The number of immigrants arrested by the Department of Homeland Security has gone up significantly in recent years, mostly due to tougher immigration laws enacted by the U.S. Congress, she said.

"Congress has implemented in the last several years some really harsh laws that impact families profoundly," Bronen said.

Once arrested, the immigrant can be detained or released. If detained, the immigrant will stay in the Lemon Creek Correctional Center or will be sent to a temporary Department of Homeland Security detention center in Cook Inlet. Within several months, detained or released immigrants will have to travel to Anchorage to appear before the only Department of Homeland Security court in the state.

The immigrants are not granted a court-appointed attorney. Instead, they must gather funds to hire a lawyer, or find a pro bono lawyer trained in immigration law, Bronen said.

In Johansson's memory, no immigrant has gone to trial in Alaska without legal representation, he said.

The lawyers who work with immigrants through Catholic Social Services in Anchorage can only take on a small portion of the immigration trials that take place in Alaska. Of the clients Bronen and her colleagues defend, 98 percent are acquitted and allowed to stay in the U.S.

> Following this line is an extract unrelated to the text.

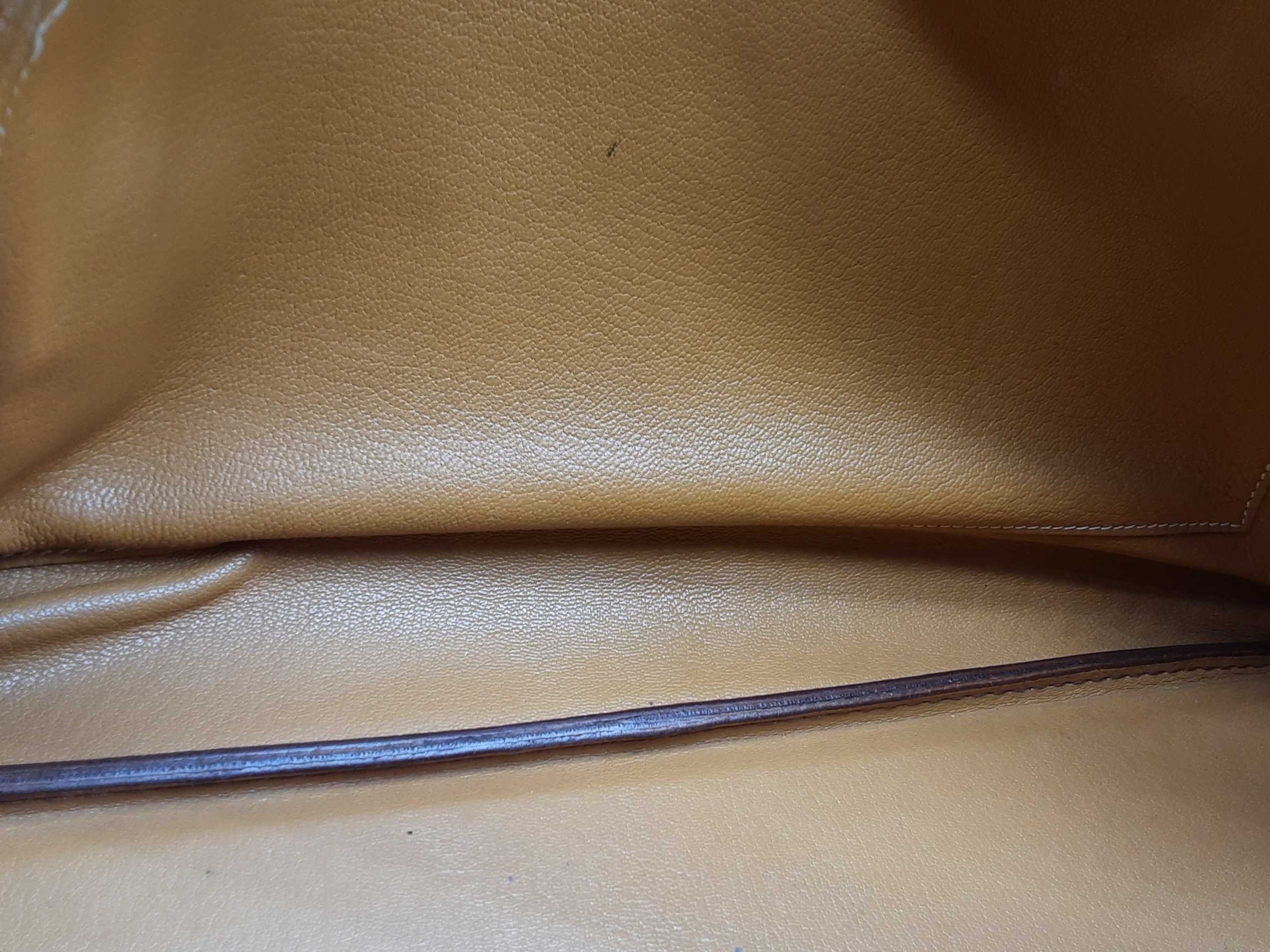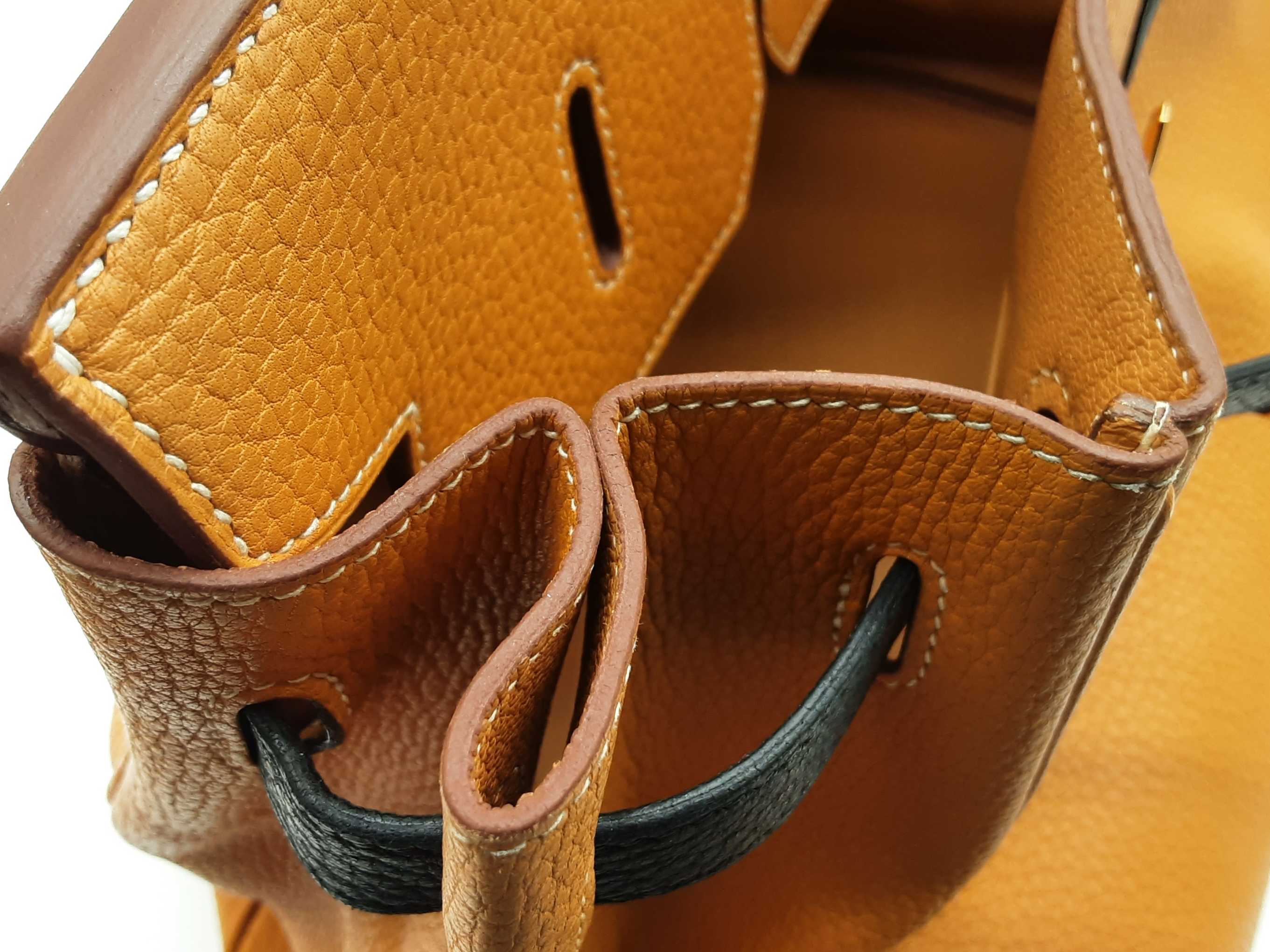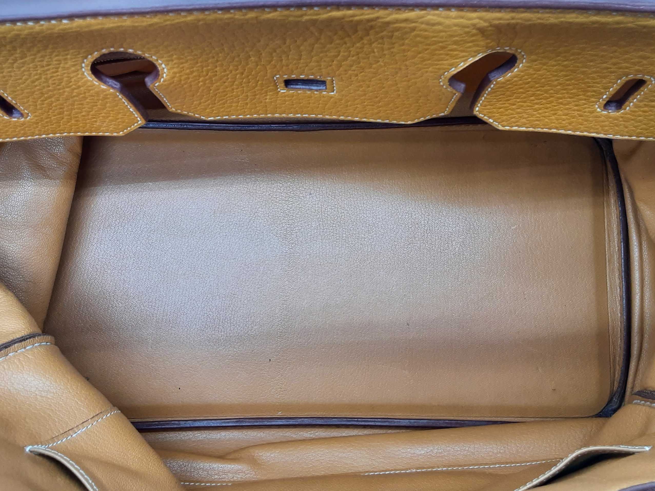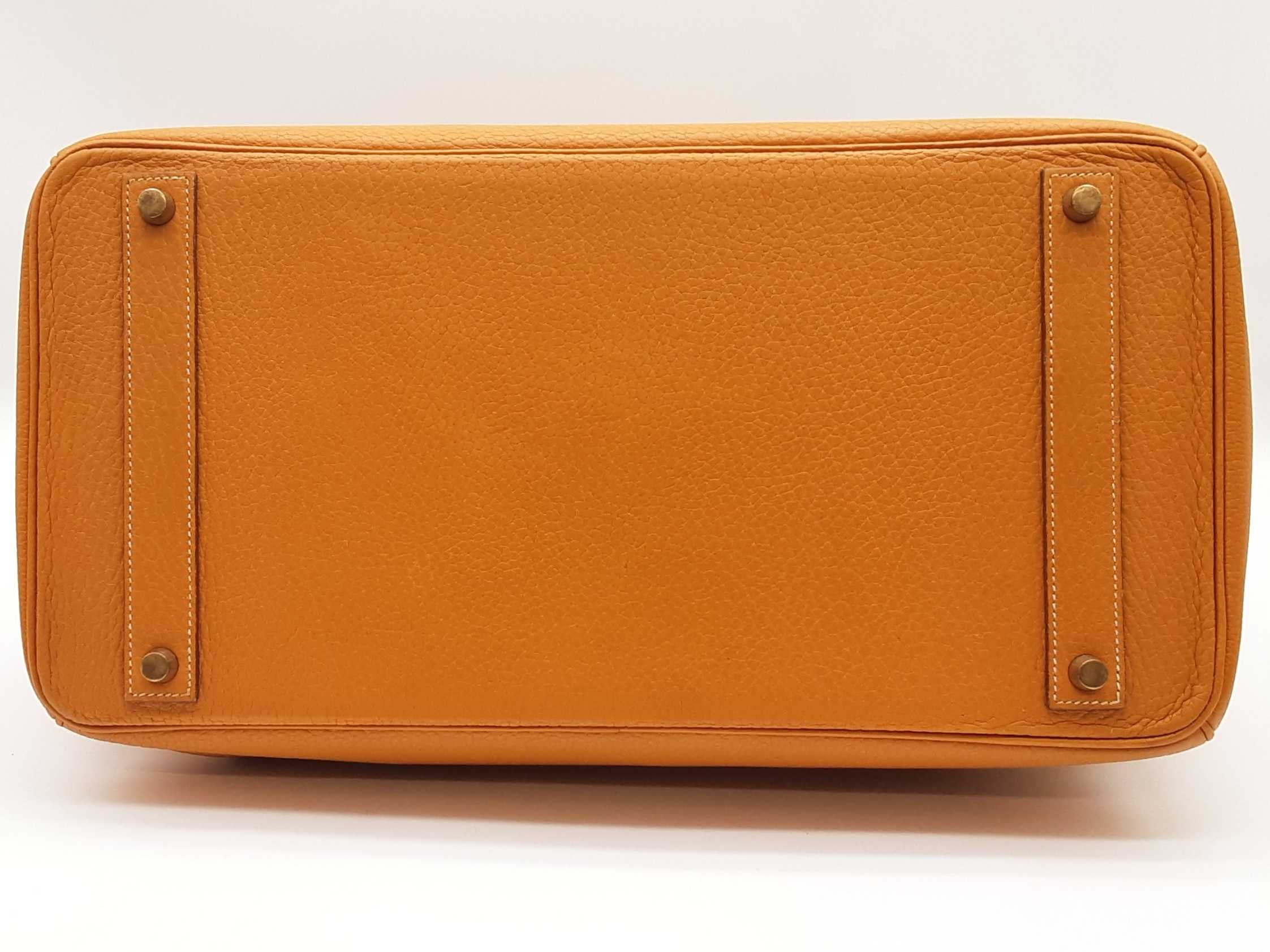 144020016141Hermes Birkin 40CM Gold Noir Black Clemence Gold Hardware Handbag. Length 16 IN X Height 11 IN X Width 8 IN X Drop 4.25 IN. Date Code Square E (2001). Entrupy Certificate #TJH6G2C. Good Pre-owned Condition with creases, flap curved, scratches and wear on metal hardware, discoloration on metal feet, wear on edges, marks and scratches on interior, and stains and wear inside interior pockets. Note: There's a possibility bag has been repainted.

The Catholic Diocese of Juneau will hold a workshop in May to inform immigrants of their rights, and many individuals are working to assist Juneau residents affected by the arrests.

The St. Vincent de Paul's Society will offer its services to all immigrants, legal or not, Austin said.

"Our policy is pretty clear," Austin said. "The Bible says - and we are instructed by Jesus - to welcome the strangers. It doesn't say anything about welcoming the legally documented strangers."